Prior to the Hamas victory, the Middle East democracy train seemed to be chugging along at a calculated speed with fantastic speeches and more or less favorable outcomes, from a U.S. foreign policy perspective. From the much-touted, grand democratic experiments in Iraq and Egypt to the much less popular yet equally consequential local or municipal elections in various Gulf states, the status quo – with its pending U.S. interests – seemed well preserved. Even the seemingly containable tremor caused by the Muslim Brotherhood's poll results in Egypt failed to bend the Bush administration's will of carrying on tailoring democracy to the Arabs. But then, Hamas' surprising victory changed everything.

 

There should be no illusions that a Hamas elections victory and its aftermath have not changed the parameters of the raging conflict: Palestinians are still as ever an occupied nation and Israel is still the occupier. Nonetheless, the Hamas takeover of power underlines – aside from the limitations of military occupation – the lack of sincerity on the part of the U.S. administration and the Israeli government in the former's "push for democracy" and the latter's boasting about its own democracy being the one and only.

 

Needless to say, having Hamas in power places both the U.S. and Israel in a terrible conundrum.

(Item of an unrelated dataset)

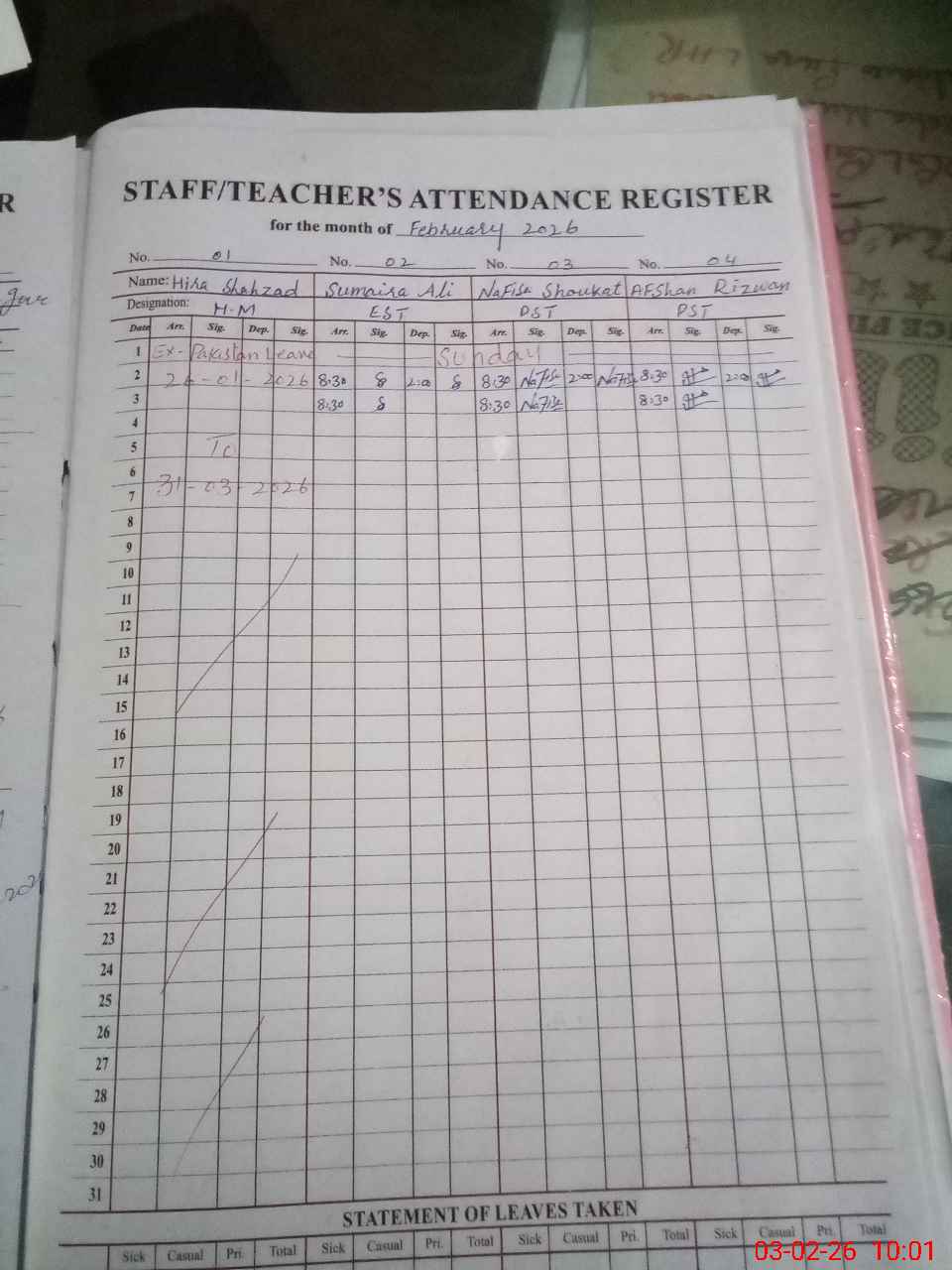| Name: Hi**** Sh**** Designation: (School Headmaster's/Headmistress's) EST Phone/Cell Number: 03**** |
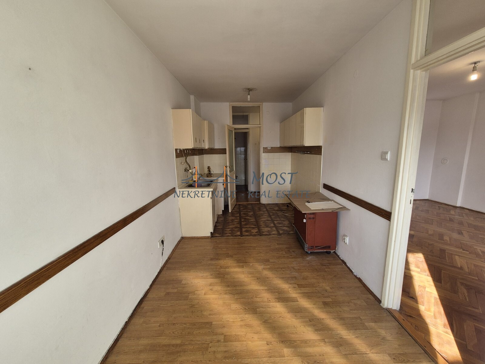 Prodaja Prodaje se stan u ulici Mitra Bakića, nadomak autobuske i železničke stanice u Podgorici. Nalazi se na četvrtom, ujedno i poslednjem spratu starogradnje. Stan zauzim bruto površinu od 85 m2. Funkcionalan raspored i dobra iskorišćenost prostora čine ga izuzetno praktičnim za život. Stan ima prostranu dnevnu sobu sa izlazom na terasu koja gleda na glavnu ulicu i prima jutarnju svetlost. Dnevni boravak je povezan sa komfornom kuhinjom i trpezarijom, stvarajući otvoren i prijatan prostor. Spavaći blok je odvojen i sadrži hodnik sa ugradnim plakarom, kupatilo i dve spavaće sobe, od kojih svaka ima svoju terasu. Sobe su orijentisane ka zapadu i pružaju pogled na dvorište i parking, obezbeđujući mir i privatnost. Stan nije renoviran, ali je očuvan i u solidnom stanju. Neophodno je renoviranje kupatila i zamena bravarije. Lokacija je izuzetno povoljna, u blizini su Mall of Montenegro sa pijacom, škola, vrtić, kao i sve ključne saobraćajne veze.

The Israeli one is obvious: never before has Israel dealt with a Palestinian "partner" so decisive in its demands and objectives, and so unreceptive to bribery or intimidation. Even at the height of its "unilateral" jargon, Israel knows well that without a "moderate" Palestinian leadership, little can be achieved toward a state of security for Israel while Palestinian rights and freedoms are shamelessly denied.

 

But the Bush administration debacle, in my opinion, transcends the geographic boundaries of the Israel-Palestinian conflict to the much more far-reaching political and strategic setting in the entire Middle East, to its quandary with "political Islam" and the disgruntled "rascal multitudes" – to borrow a Chomsky term – of the Arab and Muslim world, so fractious and so eager to take charge of their own destiny – perhaps through the ballot box.

 

Indeed, the Bush administration finds itself in a greater political mess than thought possible. Weaseling its way out of its "commitment" to democracy in the Middle East is easier said than done. Every other pretext to justify U.S. imprudence in terms of foreign policy and unconditional financial and military backing of Israel – no longer the "only democracy in the Middle East" – has long been exploited if not exhausted altogether. Until an alternative policy is devised – chances are, a new U.S. doctrine dealing with unfavorable democracy outcomes in the Middle East is currently being concocted – the U.S. and Israel will resort to every form of bullying, intimidation, and pressure to completely sideline the relevance of the new Palestinian government or to "oust" Hamas, a joint plot recently leaked by U.S. media. The hope is to discredit then overthrow a Hamas-led government without having to overhaul its entire democracy project, whose demise would be much more consequential than the removal of a movement branded terrorist.

 

Only time and more media-leaked plots will reveal what is to transpire. However, the early signs – of Israel's intention to starve Palestinians through sanctions, coupled with an unequaled enthusiasm among U.S. lawmakers to punish Palestinians for electing Hamas – make the coming Israeli and U.S. foreign policy course even more predictable. While Israel sees little harm in making Palestinians a whole lot thinner as a result of its economic sanctions, the U.S.' rash response in chastising Palestinians will likely scar U.S. credibility, or whatever remains of it.